● Task objective
For every entry, reproduce the wording exactly and omit any image it holds.

[[ Information, beginning ]]

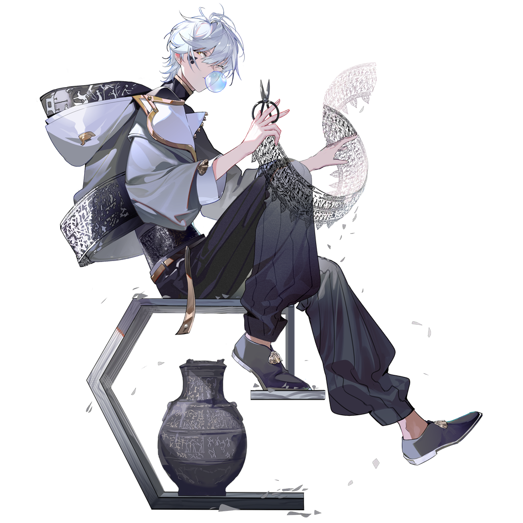 器者外现形象为白发黑衣的少年背包客。和他的“父辈们”不同,器者的本体首次以“人”为主,因此他更关注“人”本身,是一个乐于体验人生的小伙子,热衷关注人生百态。器者双手灵巧,像千年之前为他刻上宴乐、采桑、攻战等场景的工匠巧手一样,他也能将目击的事件做成剪纸小人。本体被称作战国时代的“直播现场”,至今仍以见证者自居,活动在不同的事件现场,且不论事件性质好坏他都会去参与,有时自愿走进危险场所,口头禅是:“我要去看看。”为资料部带来了大量珍贵影视文本实况记录。
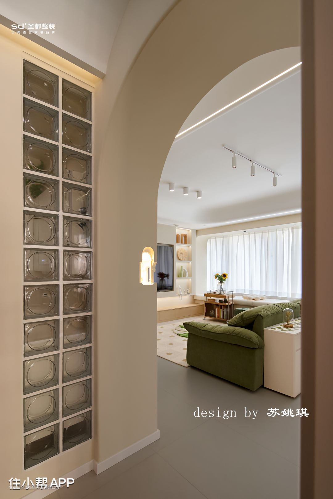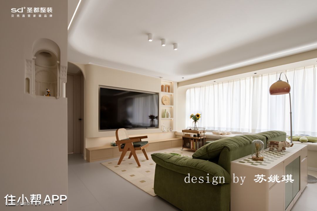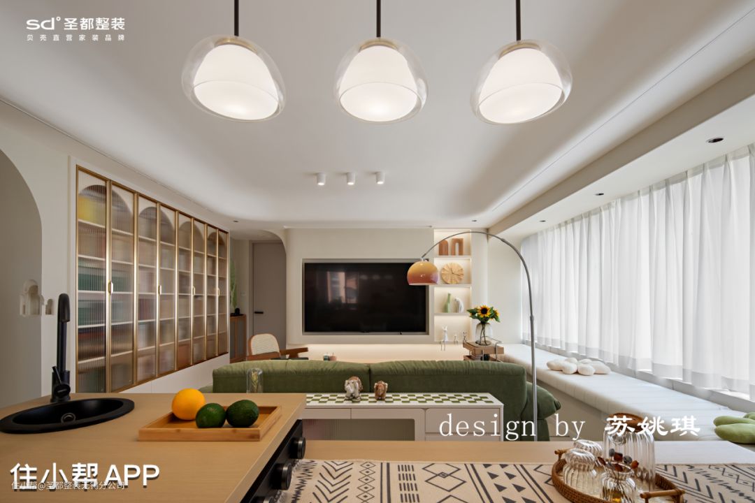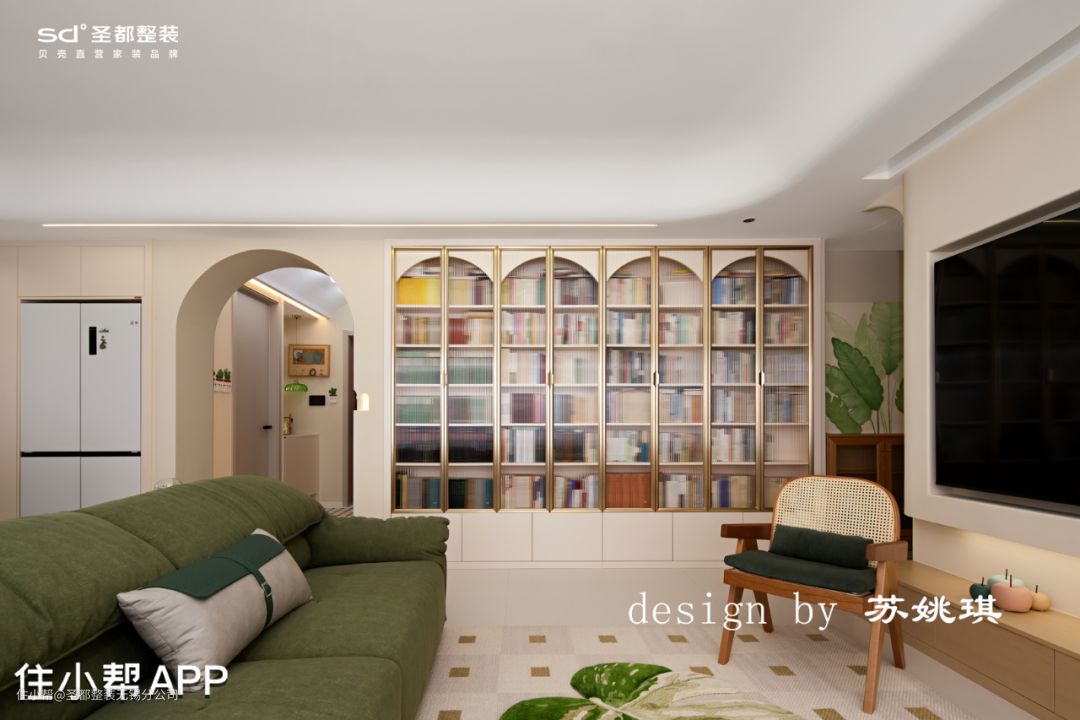 客厅沙发挨着飘窗,长长飘窗垫一铺,客人再多也有地方坐了。下午静沐阳光,躺坐在飘窗上,一杯咖啡伴着一本书,真是千金难买的好时光。 吊顶设计以保留原有层高为原则,配合圆弧造型削弱明显的高度层级差,柔化整个空间的造型。灯具选择尽可能干净简单的造型,例如明装筒灯,简单白色轨道射灯,落日氛围感钓鱼灯拿捏vintage味道。 石膏镂空壁灯,是来自转角的仪式感。万神殿壁龛造型,让光的艺术得到升华,普通的小角落也能秒变艺术展。 在客厅区域设计了一整面的书墙,改变传统书架的笨重+普通。拱形柜门造型搭配影影绰绰的长虹玻璃,温柔又细腻,颇有法式中古风的味道。 胡桃木移动小推车,精致感满满。柔和的奶油色干净通透,没有一丝冗余,令人感到家的归属于放松。
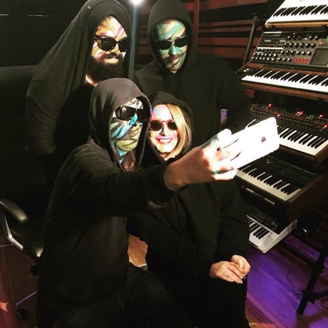 Andreea apare într-o fotografie, îmbrăcată într-o mantie neagră şi vopsită pe faţă, alături de trei bărbaţi, cel mai probabil într-un studio de înregistrări. Fanii s-au întrecut în complimente atunci când au văzut imaginea.
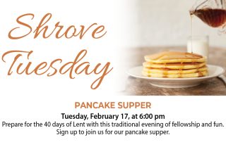 Prepare for the 40 days of Lent with this traditional evening of fellowship and fun. Sign up to join us for our pancake supper.
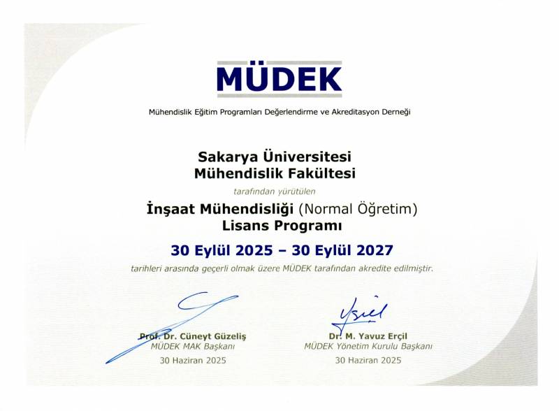 Civil Engineering Undergraduate Program conducted by Sakarya University Faculty of Engineering has been accredited by MÜDEK (Engineering Education Programs Evaluation and Accreditation Association) to be valid between 30 September 2025 and 30 September 2027.

[[ Information, end ]]

● Solution to this exercise
 器者外现形象为白发黑衣的少年背包客。和他的“父辈们”不同,器者的本体首次以“人”为主,因此他更关注“人”本身,是一个乐于体验人生的小伙子,热衷关注人生百态。器者双手灵巧,像千年之前为他刻上宴乐、采桑、攻战等场景的工匠巧手一样,他也能将目击的事件做成剪纸小人。本体被称作战国时代的“直播现场”,至今仍以见证者自居,活动在不同的事件现场,且不论事件性质好坏他都会去参与,有时自愿走进危险场所,口头禅是:“我要去看看。”为资料部带来了大量珍贵影视文本实况记录。
 客厅沙发挨着飘窗,长长飘窗垫一铺,客人再多也有地方坐了。下午静沐阳光,躺坐在飘窗上,一杯咖啡伴着一本书,真是千金难买的好时光。 吊顶设计以保留原有层高为原则,配合圆弧造型削弱明显的高度层级差,柔化整个空间的造型。灯具选择尽可能干净简单的造型,例如明装筒灯,简单白色轨道射灯,落日氛围感钓鱼灯拿捏vintage味道。 石膏镂空壁灯,是来自转角的仪式感。万神殿壁龛造型,让光的艺术得到升华,普通的小角落也能秒变艺术展。 在客厅区域设计了一整面的书墙,改变传统书架的笨重+普通。拱形柜门造型搭配影影绰绰的长虹玻璃,温柔又细腻,颇有法式中古风的味道。 胡桃木移动小推车,精致感满满。柔和的奶油色干净通透,没有一丝冗余,令人感到家的归属于放松。
 Andreea apare într-o fotografie, îmbrăcată într-o mantie neagră şi vopsită pe faţă, alături de trei bărbaţi, cel mai probabil într-un studio de înregistrări. Fanii s-au întrecut în complimente atunci când au văzut imaginea.
 Prepare for the 40 days of Lent with this traditional evening of fellowship and fun. Sign up to join us for our pancake supper.
 Civil Engineering Undergraduate Program conducted by Sakarya University Faculty of Engineering has been accredited by MÜDEK (Engineering Education Programs Evaluation and Accreditation Association) to be valid between 30 September 2025 and 30 September 2027.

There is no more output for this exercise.